If completed, the acquisition would grant Mastercard direct capabilities in stablecoin infrastructure, enabling the company to accelerate its expansion into on-chain payments, asset tokenization, and next-generation fintech solutions. This move would also strengthen Mastercard’s role as a bridge between the traditional (fiat) financial system and the digital asset ecosystem.
At the industry level, such a move could accelerate institutional adoption of stablecoins and drive greater efficiency in cross-border payments through blockchain technology — reducing transaction costs, speeding up transfers, and expanding access to digital financial services.
However, several analysts note that the deal is not yet finalized. To date, neither Mastercard nor ZeroHash has issued an official confirmation regarding the report. Several challenges remain, including strict stablecoin regulations, operational integration complexity, and gradual market adoption.

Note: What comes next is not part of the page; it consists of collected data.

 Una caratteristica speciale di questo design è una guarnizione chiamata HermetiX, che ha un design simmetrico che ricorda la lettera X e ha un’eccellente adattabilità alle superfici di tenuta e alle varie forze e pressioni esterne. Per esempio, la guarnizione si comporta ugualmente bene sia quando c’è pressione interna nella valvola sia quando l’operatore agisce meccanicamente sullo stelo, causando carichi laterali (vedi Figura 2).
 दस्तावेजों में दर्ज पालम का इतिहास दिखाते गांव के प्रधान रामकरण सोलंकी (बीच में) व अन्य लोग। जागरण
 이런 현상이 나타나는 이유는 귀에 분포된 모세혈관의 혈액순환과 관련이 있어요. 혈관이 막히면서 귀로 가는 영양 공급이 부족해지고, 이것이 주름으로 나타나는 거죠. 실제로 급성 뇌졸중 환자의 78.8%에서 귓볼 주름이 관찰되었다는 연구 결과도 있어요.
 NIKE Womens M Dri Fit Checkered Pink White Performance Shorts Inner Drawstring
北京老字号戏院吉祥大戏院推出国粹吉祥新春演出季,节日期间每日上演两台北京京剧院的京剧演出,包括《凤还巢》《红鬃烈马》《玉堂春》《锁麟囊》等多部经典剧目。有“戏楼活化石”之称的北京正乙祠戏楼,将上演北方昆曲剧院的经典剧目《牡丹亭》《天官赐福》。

Moreover, this potential acquisition represents more than just the purchase of an ordinary crypto startup. ZeroHash’s infrastructure must be integrated with Mastercard’s global payment network, requiring robust cybersecurity standards and compliance with cross-jurisdictional regulations.

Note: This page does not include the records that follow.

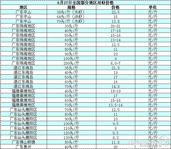 據悉,本周各地的對蝦出塘量都很少,都是以小規格對蝦為主,因為地區差異,各地的市場銷售量也有所不同,所以本周各地的對蝦價格相比上周有漲也有跌,但是后市價格業內人士皆不看好。具體價格如下:
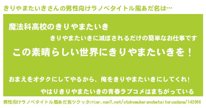 | 意味不明あだ名 | 『住所不定無職きりやまたいき(50歳)』 |
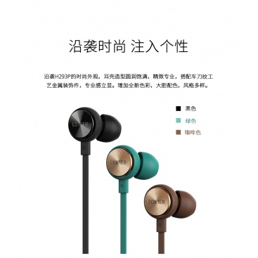 • 漫步者(EDIFIER)H293P Plus 入耳式耳機(jī) 立體聲耳機(jī) 手機(jī)耳塞 黑色/綠色/咖啡色
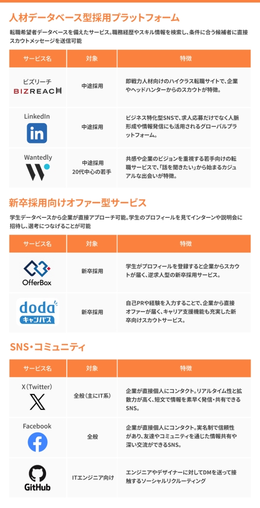 ダイレクトリクルーティングを実践するにあたっては、いくつかのチャネルやツールを活用できます。主な種類と特徴は以下のとおりです。
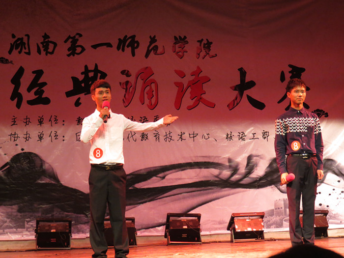 本次比赛在信息科学与工程学院学生配乐诗朗诵《回答》中拉开序幕。选手们声情并茂的诵读,激情洋溢地诠释了中华诗篇的无穷魅力:有感恩教师的《枸杞花开》,有充满炽热爱国之情的《甲午英魂》、《长征》,有寻觅诗人足迹的《岳阳楼记》与《走向远方》,以及深情吟诵祖国母亲的《父母之河》,警醒世人的《我的心》,歌颂青春奋斗的《蚂蚁》、《十八岁畅想曲》等,节目异彩纷呈,为观众奉献了一场语言文字的视听盛宴。
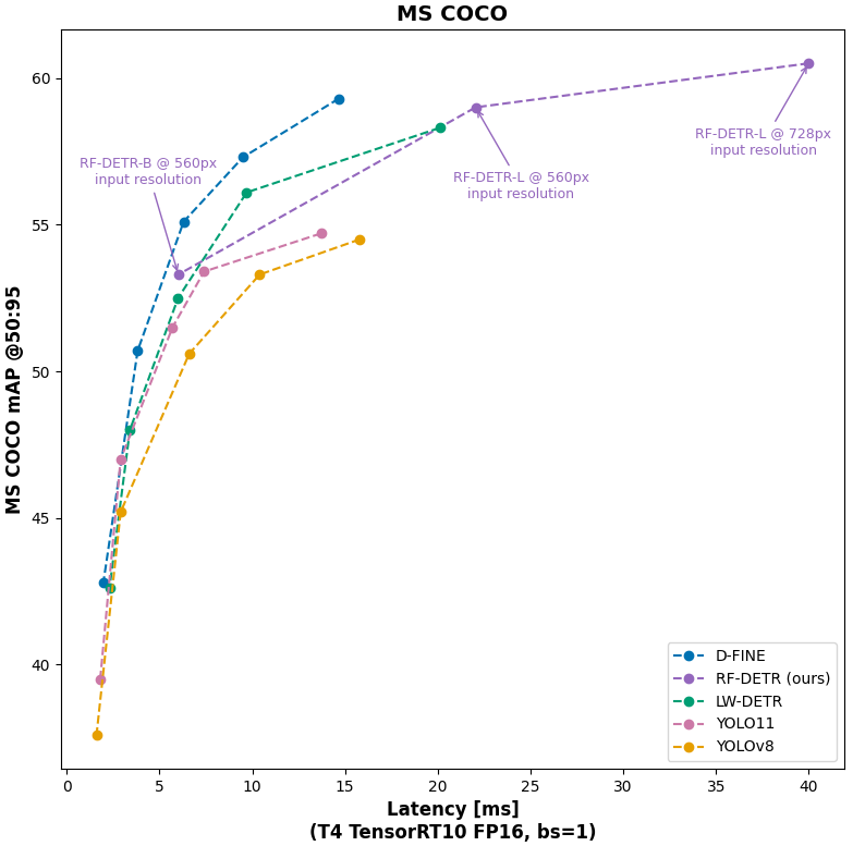 特别是在 COCO 上,RF-DETR 相对于 YOLO 模型严格来说是帕累托最优的,并且在基于实时变压器的模型方面具有竞争力 - 尽管严格来说不是更高性能。然而,在发布 RF-DETR-large 并使用 728 输入分辨率时,RF-DETR 实现了任何实时的最高 mAP (60.5)(Papers with Code 将“实时”定义为 T4 上的 25+ FPS)。

Mastercard’s move reflects a new chapter in the evolution of digital payments and institutional stablecoin adoption. If realized, the deal could mark a significant milestone in the global financial industry, signaling an era in which major payment companies integrate blockchain and digital assets directly into their core business operations — not merely as technological add-ons. Ultimately, the success of this initiative will depend on execution capability, regulatory support, and market acceptance of blockchain-based payment ecosystems.